I strongly recommend visiting securityheaders.com service as well, which can validate your setup and point out any broken or missing parts.

Step 4: Keeping heroku alive

One disadvantage of free heroku applications is they are put to sleep when inactive. However, if you wish to use heroku for this purpose only - you can keep the application alive all the time. To do that, you simply need to ping it at least once in 30 minutes.
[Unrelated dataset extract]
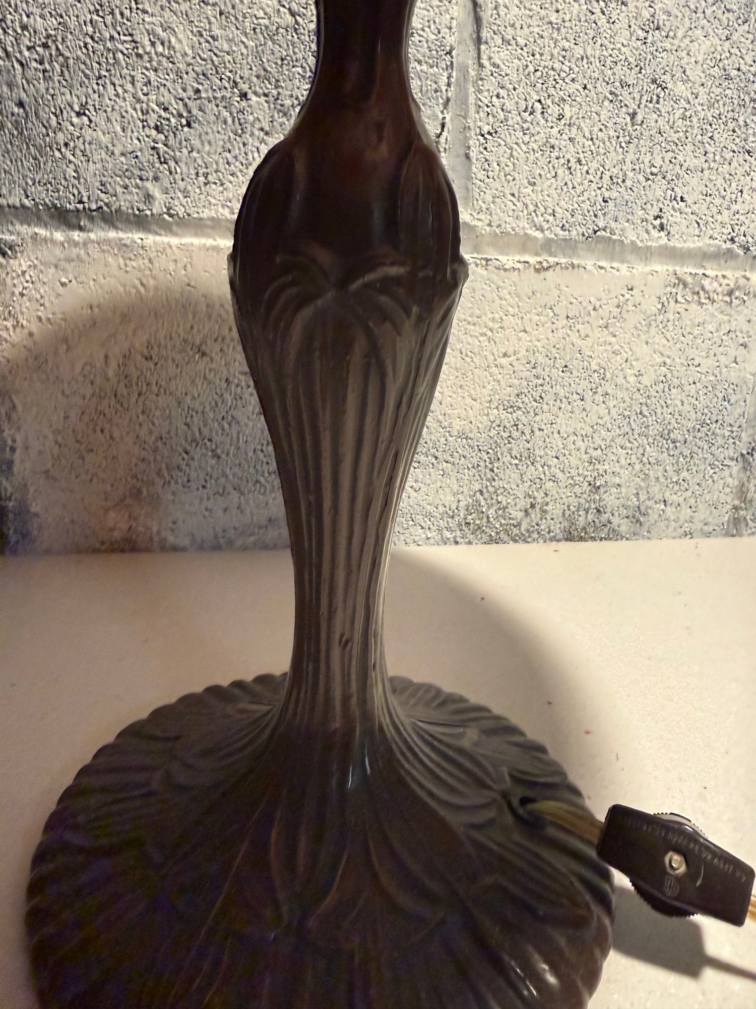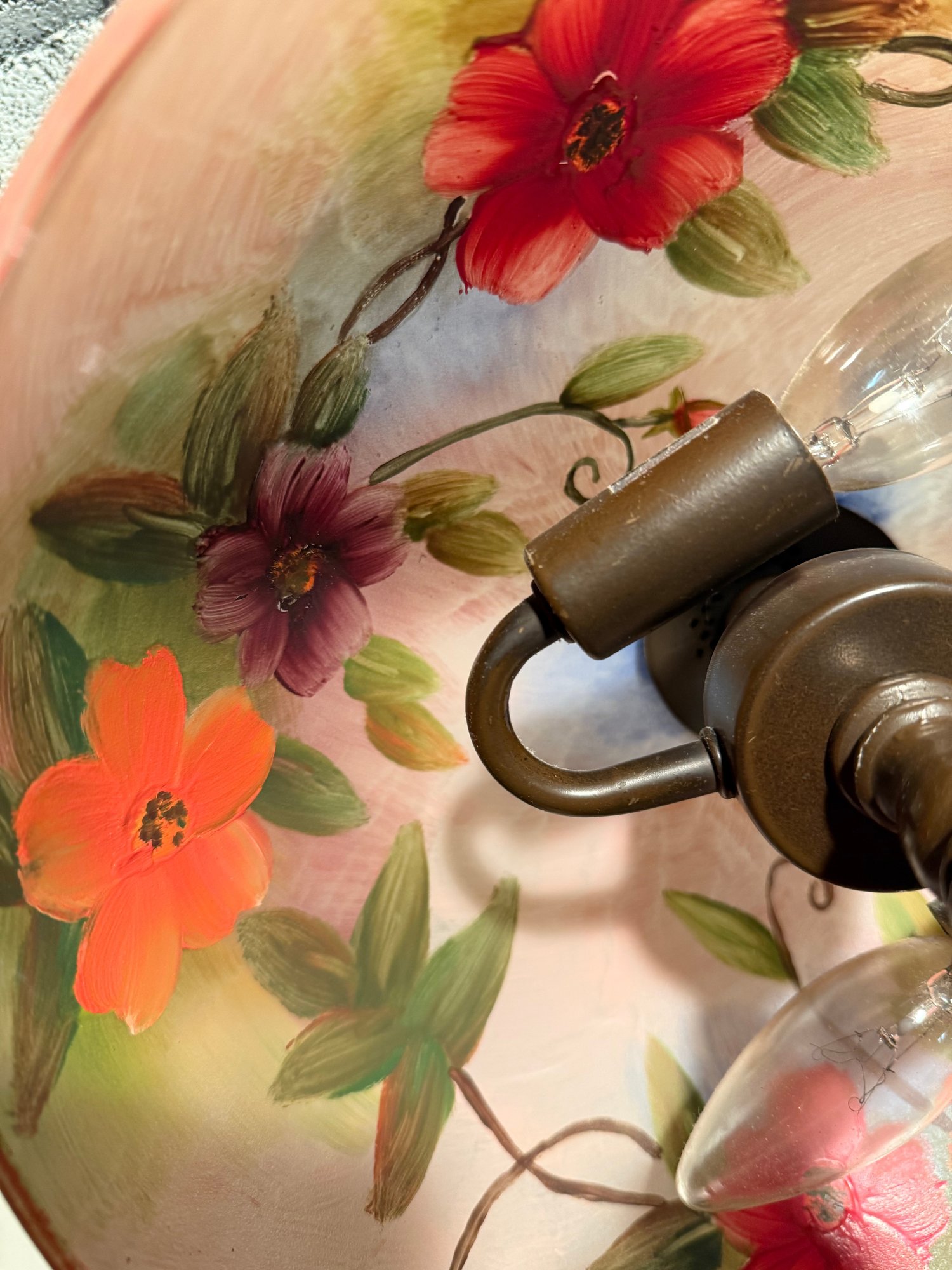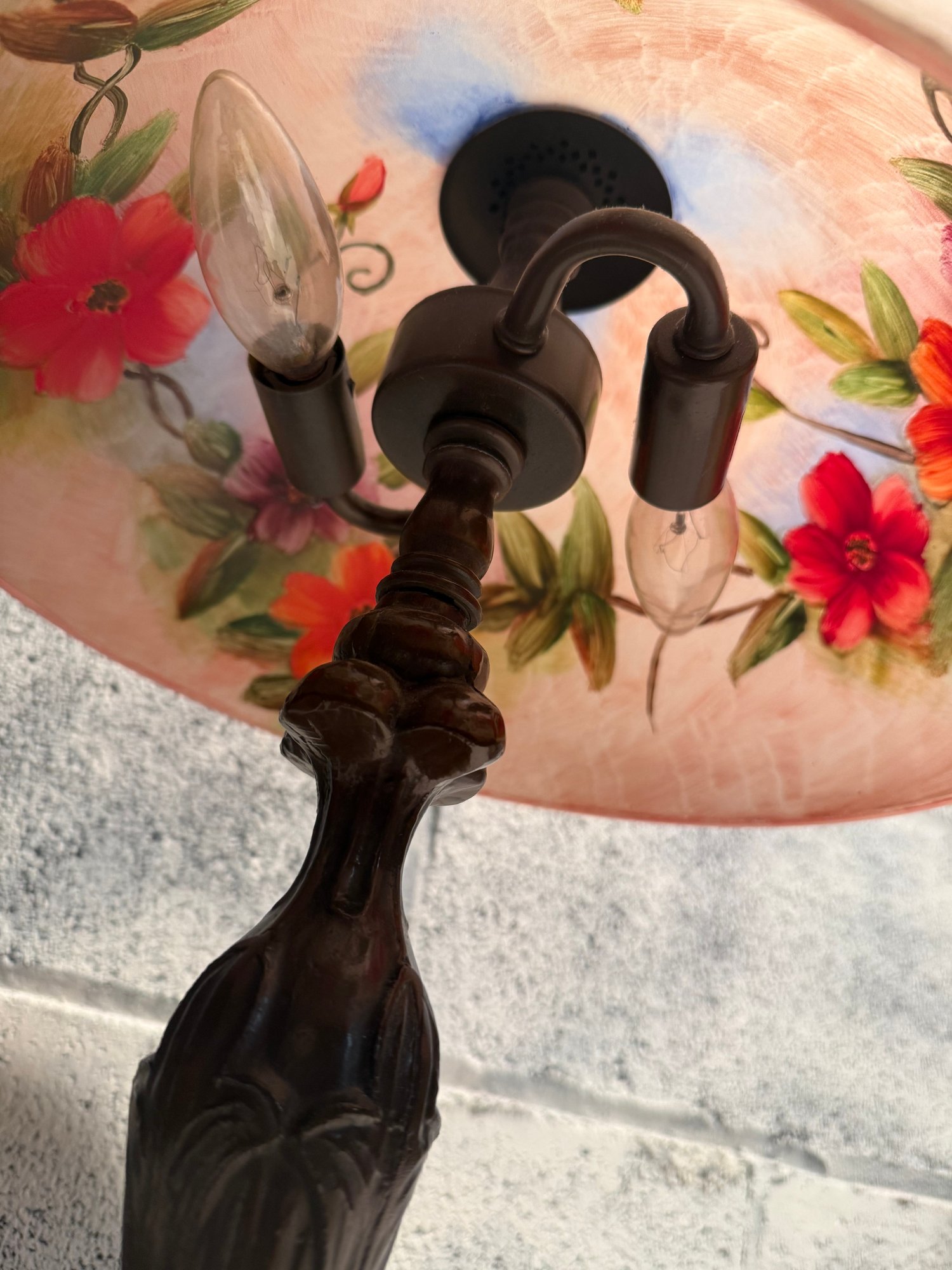 Vintage Reverse-painted Floral Glass Shade Table Lamp With A Metal Base

This can be achieved by using one of the page monitoring services. Personally I use UptimeRobot, but if you have or like the other one - that's fine as long as you fit this time window.

Conclusion

As you can see, the whole process is somehow cumbersome, but if you manage to follow it, your GitHub page can get any HTTP header you like, along with the secure ones (Access-Control-Allow-Origin anyone? :-)). I'm personally using this setup for my homepage and never experienced any troubles.

And that's it - enjoy your free, SSL-supported GitHub page with custom domain and all the security headers!